Q & A with St. Louis Blues Captain David Backes

As captain of the St. Louis Blues David Backes has been a busy man early on in this new season — introducing himself and his teammates to so many new faces as the team has had to deal with multiple injuries since training camp. Already this season key players Patrik Berglund, Robby Fabbri, Paul Stastny, Jaden Schwartz and Kevin Shattenkirk have spent time or are still on Injured Reserve and St. Louis has called up a host of players from their AHL affiliate in Chicago in addition to signing three of four players that were invited in on tryouts (more on them later). Despite all of that, 16 games into the season the Blues have 23 points (11-4-1) which is second in the Central Division/Western Conference and good enough for fourth in the NHL; Backes has six points (3g-3a) thus far.

Now in his tenth NHL season, the 31-year-old Backes’ leadership has been the glue keeping the Blues together despite what could have been a bumpy start to the season with all the missing bodies. He has worn the C as St.
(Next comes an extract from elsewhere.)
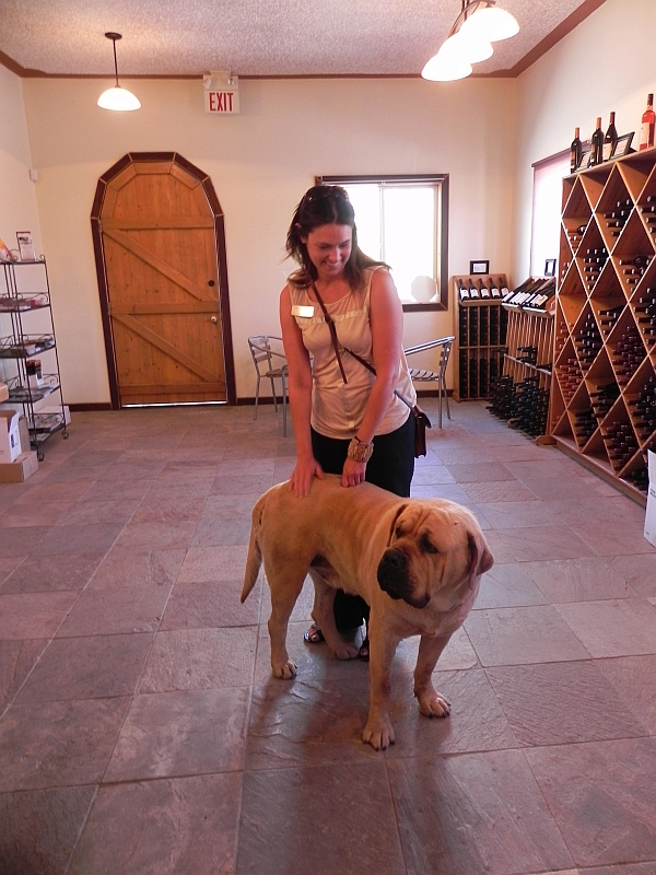 Highlight hier waren der 2009 Cabinet Franc (von dem eine Flasche im Gepäck ist) und Ali. Ali ist ein Mastiff mit einem Gemüt, das ungefähr soviel Kampfeslust ausstrahlt wie Ghandi. Und wenn er nicht gerade versucht seinen eigenen Schwanz zu fangen (ein Bild für die Götter, wenn ein 90 Kilo Hund sich um die eigene Achse dreht) lässt er sich von Cara (auf dem Foto) oder uns kraulen.
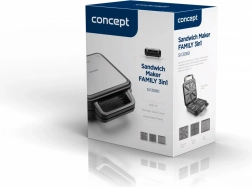 A Concept FAMILY 3 az 1-ben szendvicssütő segít elkészíteni reggelit, ebédet, uzsonnát és vacsorát. Három cserélhető lapjának köszönhetően sokoldalú és ideális családok számára, mivel egyszerre négy pirítóst is készíthet. Ez a spirálisan fejlett segítő gyors és egyszerű ételkészítést garantál.

Louis’ captain since 2011 and in addition to representing the US in two Olympic Games (silver medal in 2010), Backes is well-known in and outside of the hockey community for the amazing charity that he does involving saving homeless animals (more on that below).
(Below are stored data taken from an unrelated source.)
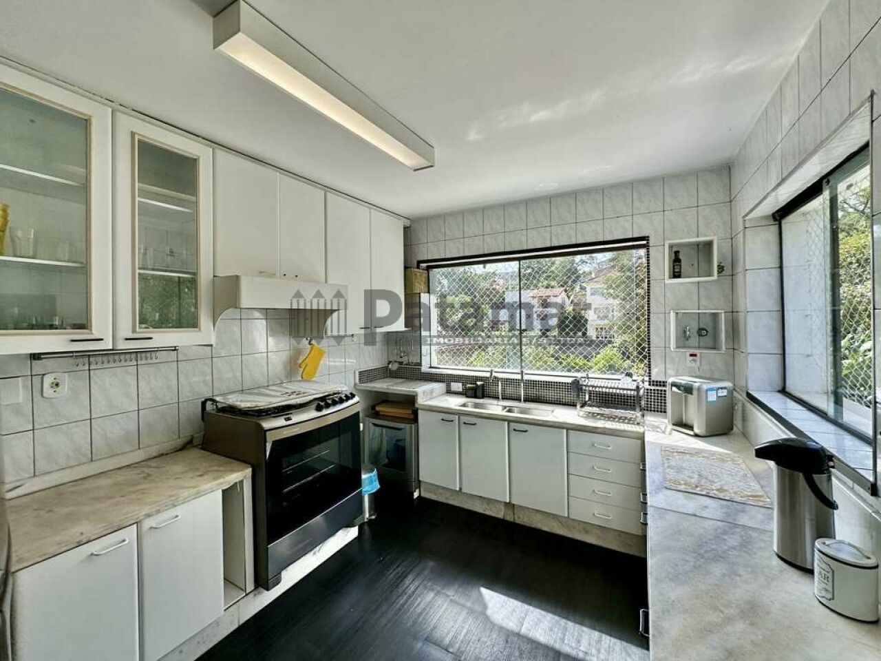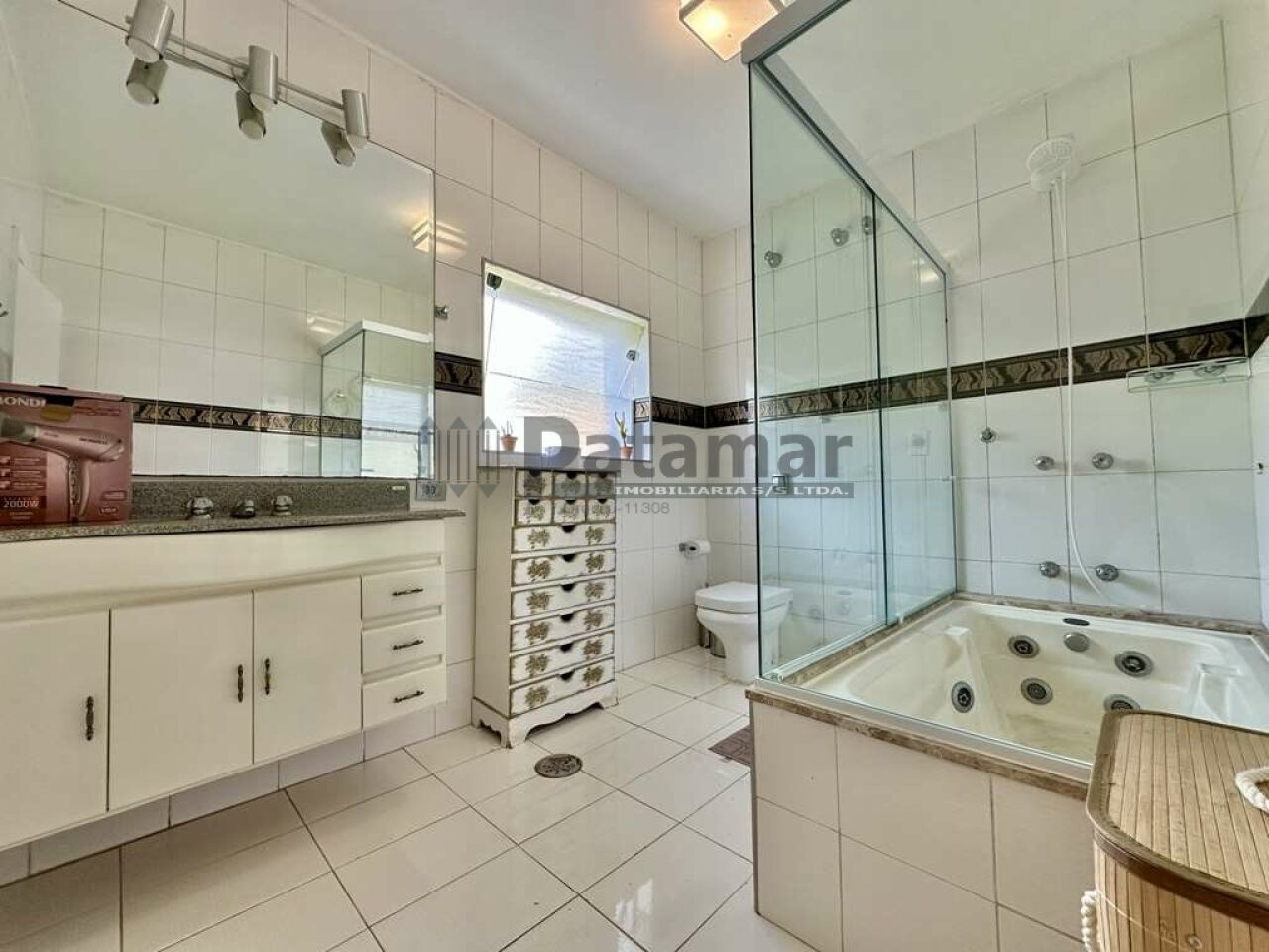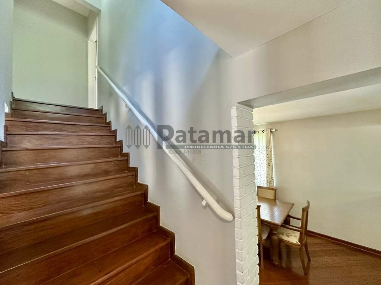 3 suítes no piso superior, com terraços, ar-condicionado, sendo a master com sala íntima e lareira. 2 com armários, 1 com ventilador.
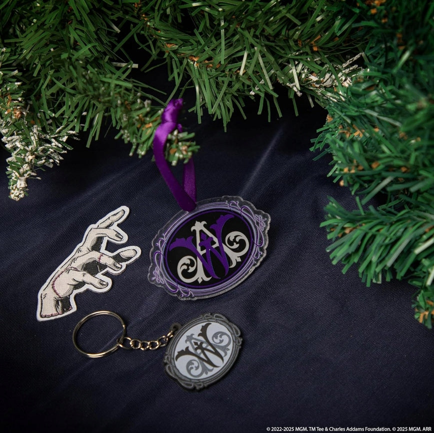 Kalėdinis papuošimas su Nevermore Academy simbolika
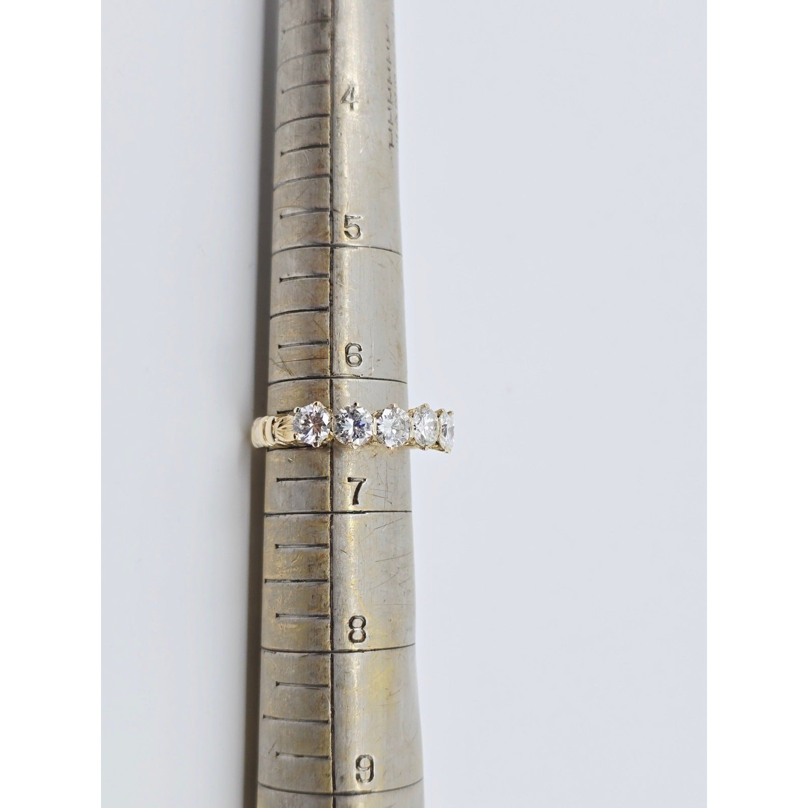 14K Yellow Gold Single Row Diamond Engraved Ring
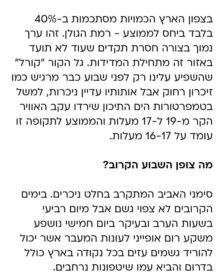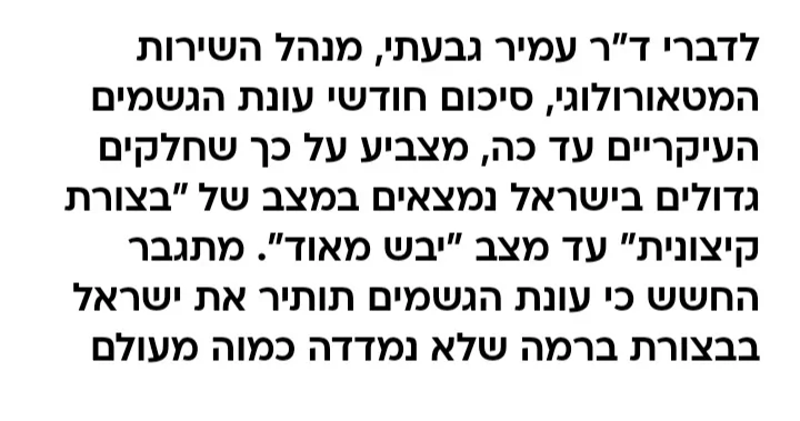 - חדרה ונתניה הגיעו ל-400 ממ, זכרון יעקב ל-500 ממ חנוך א
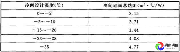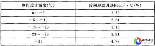 8 冷間直接鋪設在土壤上的地面總熱阻應根據冷間設計溫度按表8的規定選用。

Following his team’s recent win in New Jersey (their second shutout in their last two games at the Prudential Center) The Hockey Writers interviewed David Backes to find out how the Blues have been able to find so much success with all of the injuries and an explanation of what his charity work is all about.

David Backes
David Backes has become a defensive stalwart under coach Ken Hitchcock (Amy Irvin / The Hockey Writers)

The Hockey Writers: Your team is now 3-0-0 to open this four-game trip and your goalie Jake Allen now has back-to-back shutouts, safe to say things are going well for the team so far?
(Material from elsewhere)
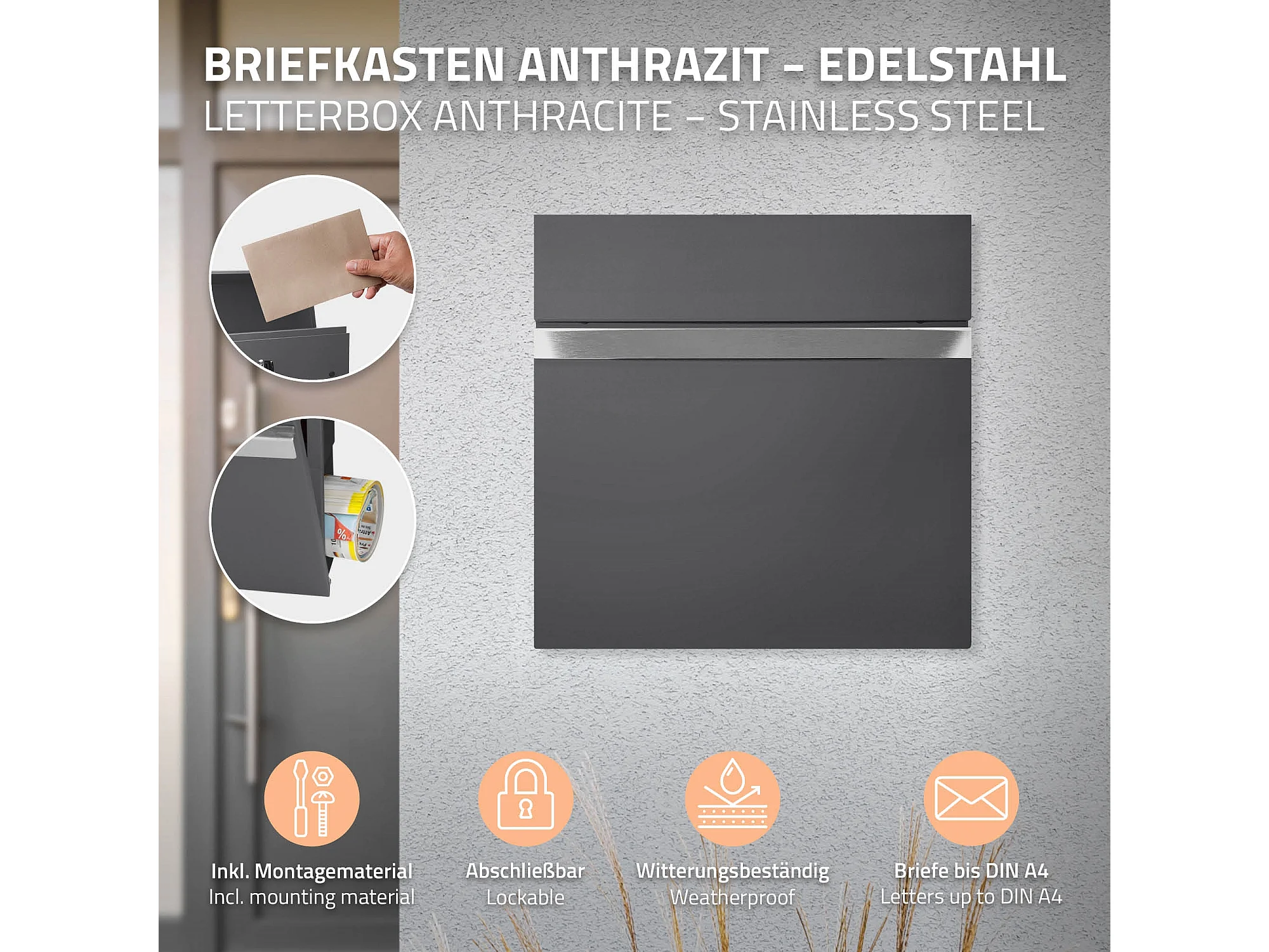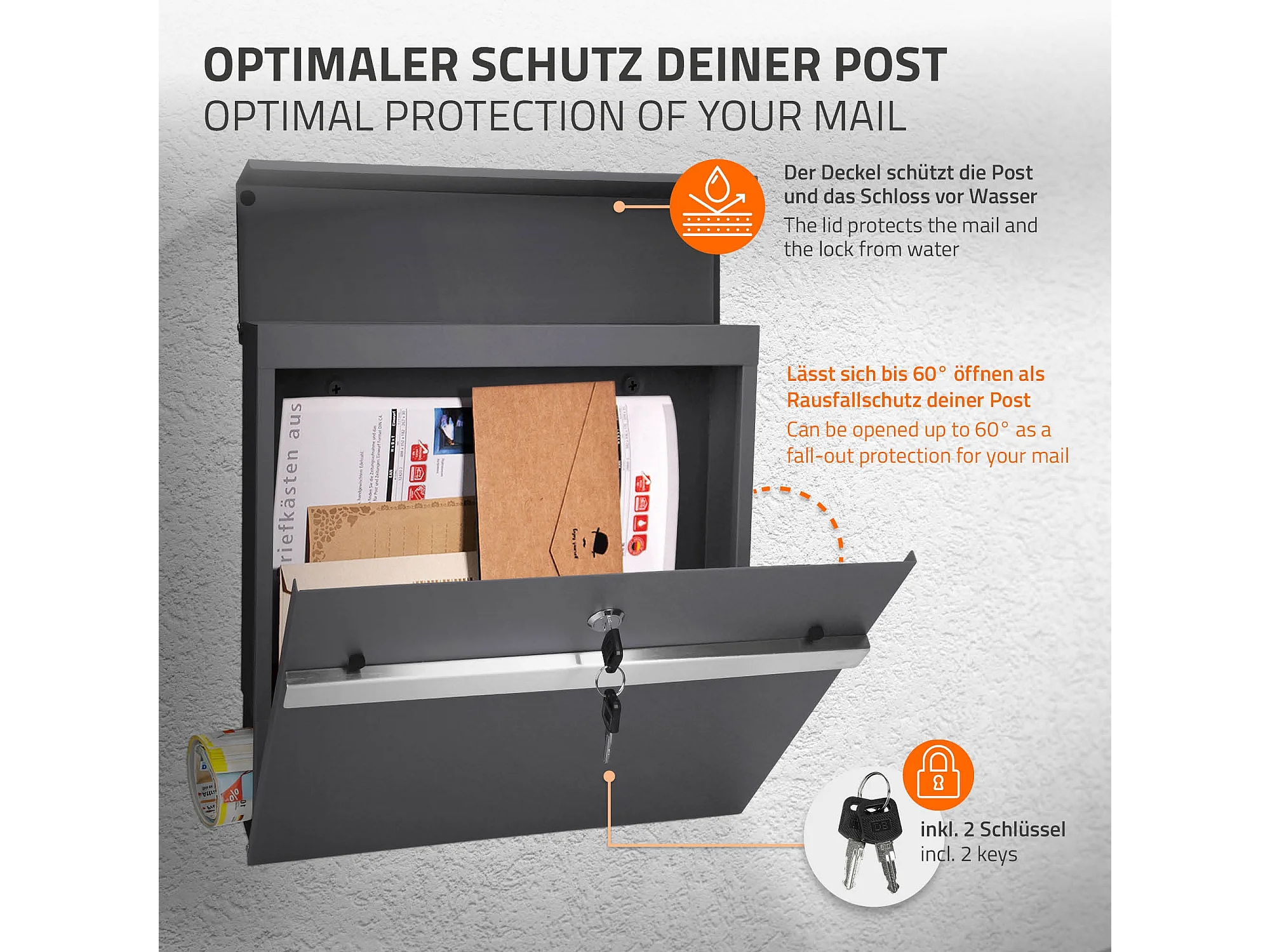 Boîte aux lettres avec support mailbox anthracite moderne avec 2 clés incluses

David Backes: I think Jake made some key saves at key times (tonight) when we did give up some good chances; for the most part after the first period we got pucks deep and played in their end a lot more. We turned it up in the second and third, which we needed to do because we were under siege a bit in the first period there. We started playing our game (in the second) rather than getting cute through the middle there — they (the Devils) were picking those passes off the whole first period and turning them back on us into odd-man rushes. We started taking care of the puck a lot more and it led to a lot more offensive time for us; the result was two goals and we sat them down the rest of the way.

THW: The Blues don’t play the Devils too often, only twice a year, but did you notice anything different about New Jersey, maybe systematically, from playing them in the past?

DB: The first statement was spot on, we don’t play them too much, or enough (to really notice); every time we do play them there seems to be bad weather somewhere though (smiles). The snowstorm (in 2013-14) was not good luck for us and the rain (tonight) seemed to be a little bit more in our favor. It’s good defensive tactics that these games seem to have and it was a great play from Gomer to Marty and then we got a scramble goal where Magnus (Paajarvi) was able to help us out there too. Two guys that are relatively new to the lineup put pucks in the net (for us tonight) and we’re finding ways to win.

THW: The Blues have had a lot of injuries to key players early in the season, but you’ve brought in players like the aforementioned Scott Gomez and Martin Havlat and haven’t missed a beat; why is that?

DB: I think it’s a credit to the guys coming in, acclimating to our systems and going out there and playing their butts off. Then the rest of the guys willing to take a little bit different responsibilities to buckle down and get good team wins. That’s what we’ve been doing, putting two points in the bank and moving on to the next one. This was a tough one, we’ve got another one on the road (eventually a 6-3 loss at the New York Rangers); Chicago, Nashville, Jersey and then the Rangers — that’s a tough road trip.

THW: As the captain of this team is there anything you do to make all of the new faces feel comfortable or more at ease when they come in to the team?

DB: I just make myself available for any questions that they might have, keep it light-hearted, welcome them and make them feel comfortable. When they feel comfortable they’re going to play their best; all of those guys have done that and helped us win games and that’s what it’s all about.

THW: You do a lot of charity work in your off time, especially with animals; can you explain to the fans out there, who maybe have been living under a rock, what it is that you do?

DB: My wife and I started an organization called Athletes for Animals and we try to get athletes from all over the sporting platform, all across the country, to lend their voice to this platform. We’ve had a great response and hopefully it will continue to grow; just getting guys to speak up — there are some athletes that have given (the rest of) us (pros) a black eye with how they treat their animals. We’re trying to lead by example and show the kids that we’re role models for that responsible pet ownership and treating them with kindness is what you should do.